If you write short stories, you’ve got to make everyone love ‘em. Or at least get as many people as possible to. If you’re writing for a submission to a publishing group, the importance of “getting everyone to love ‘em” suddenly jumps up two levels. Your first thought would probably be, “There’s really no right or wrong way to write, is there?” And in some ways you’d be right. But if you’re submitting for assessment – and you would be assessed if you’re trying to get your short story published – it kind of becomes important for you to make that really good impression. Here’s how to do it.
Write a good first line for your short story
Sometimes the first sentence of your short story is all you get to impress an editor. Publishing groups and literary magazines often get numerous short stories for consideration, far more than the required number. (What is the ratio? Like, a whole lot more) There isn’t always enough time to go through them all carefully, however. For this reason, you might find the editors needing to make quick decisions, often based on a glance alone, often based on reading only the first few paragraphs. Your poor story which takes its time to build up, but is really worth it in the end, doesn’t get a chance to show its stuff of legend. It appears it’s been unfairly treated.
Tip #1: Bring the action to the beginning. Don’t push it all to the back; it serves you no great purpose there.
Tip #2: Write a scintillating first line.
Do this, and save your story the sadness of rejection. I’ve been dumped before; I know how it feels.
Not sure the best way to do this? Writer’s Relief says:
Start with some sort of conflict or threat. Grab the reader’s attention with the unusual or the unexpected. Create tension, and make the reader anxious to read more, to learn what happens to this character and how this character will deal with the threat or the change.

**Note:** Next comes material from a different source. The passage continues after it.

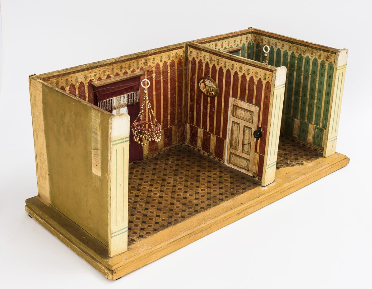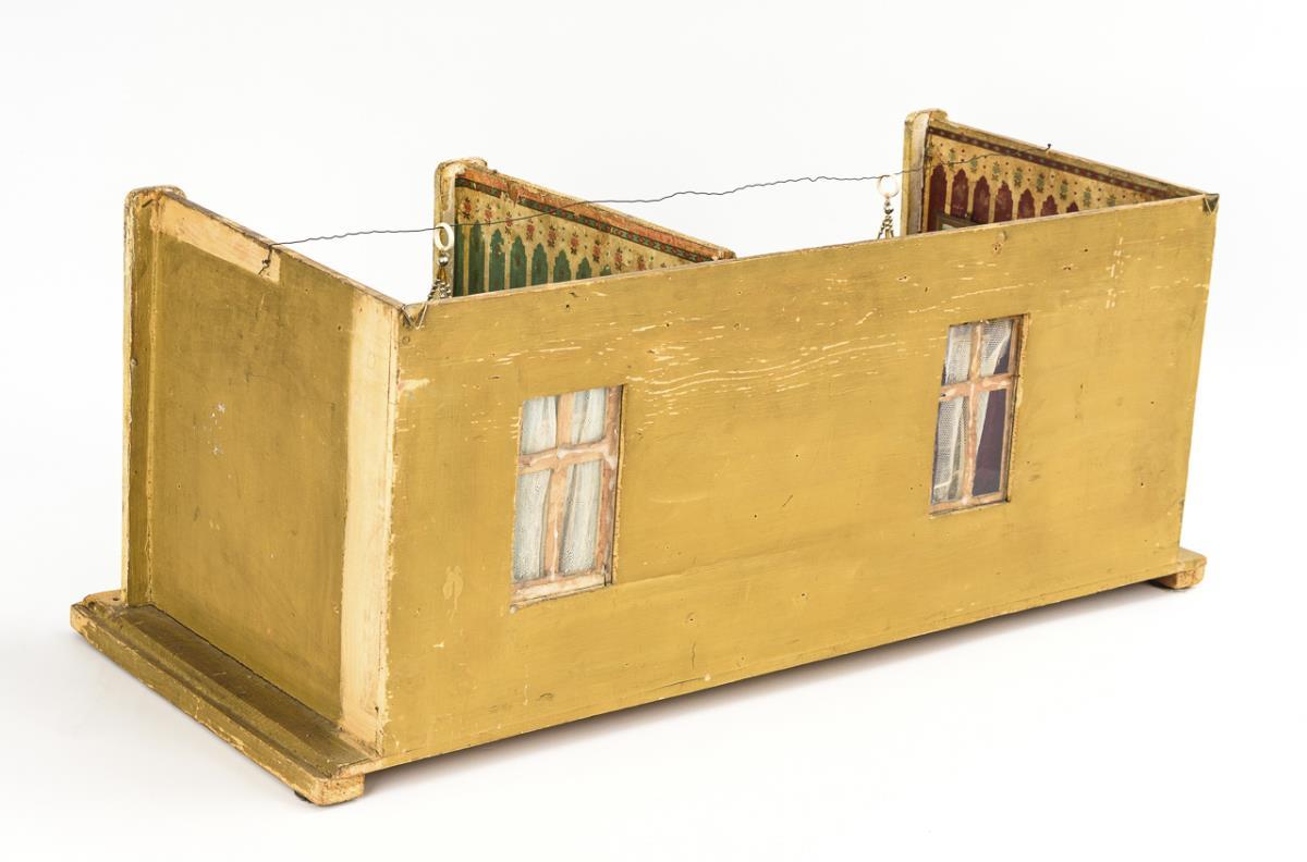 Holz, außen olivgrün und cremefarben gestrichen, innen mit rot- bzw. grün-gestreifter Tapete und Fußbodenpapier tapeziert. 28 x 68 x 30 cm.

The first time I ever saw a hurricane was the last time I ever saw anything else.
When I stepped out of the house that morning, I had no idea how badly the day would end.

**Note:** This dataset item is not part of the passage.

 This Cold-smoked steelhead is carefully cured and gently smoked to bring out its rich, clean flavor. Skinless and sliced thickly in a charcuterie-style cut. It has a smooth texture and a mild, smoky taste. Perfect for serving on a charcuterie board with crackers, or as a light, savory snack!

While I was growing up, my mother set up our family in a very simple way. We had friends and we had enemies. Our friends were: God, The Bible, our priests at church, snake repellents. Our enemies were: snakes, next door neighbour, TV when it showed any suggestive scenes, and basically everything else.

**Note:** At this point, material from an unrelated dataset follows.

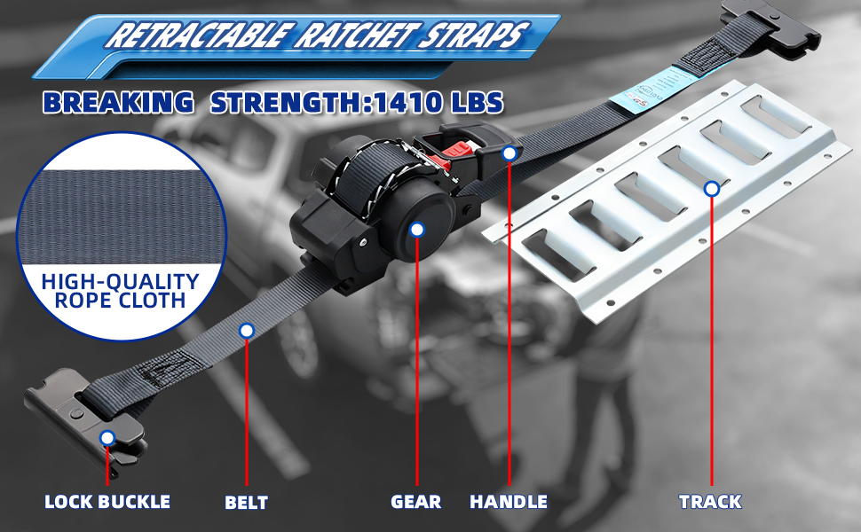 HIGH QUALITY: Retractable ratchet straps not easy to damage. Straps are made of durable polyester webbing. E buckle on both ends of the strap,The working load is 705 lbs and the breaking strength is 1,410 lbs.

The doorbell rings. Who is that familiar-looking stranger at the door?
The above openings are pretty good examples of starting out interestingly. There is no reason for long, careful descriptions. There is no reason to bring in the less intriguing character history – those could come much later. This particular detail is why so many writers begin their story in medias res. You don’t have to do so, though, if it’s not your style. Just ensure that your opening packs enough of a punch, and that your readers are able to start feasting on the action from the very start.
Patience is not something a reader brings to the table while reading a short story. If they were all for patience, they’d read a 200-page novel. They’d read Leo Tolstoy. For a short story they want the intrigue; they want the action; and they want it right off the bat.
It would appear that most editors of literary magazines, literary journals, and story websites where you publish your work know exactly what their audience want. That’s why your story is very likely to be dumped in the bin if you don’t follow this pattern. No matter how nice and polite the rejection message sounds I’m sure you’d prefer not to get it.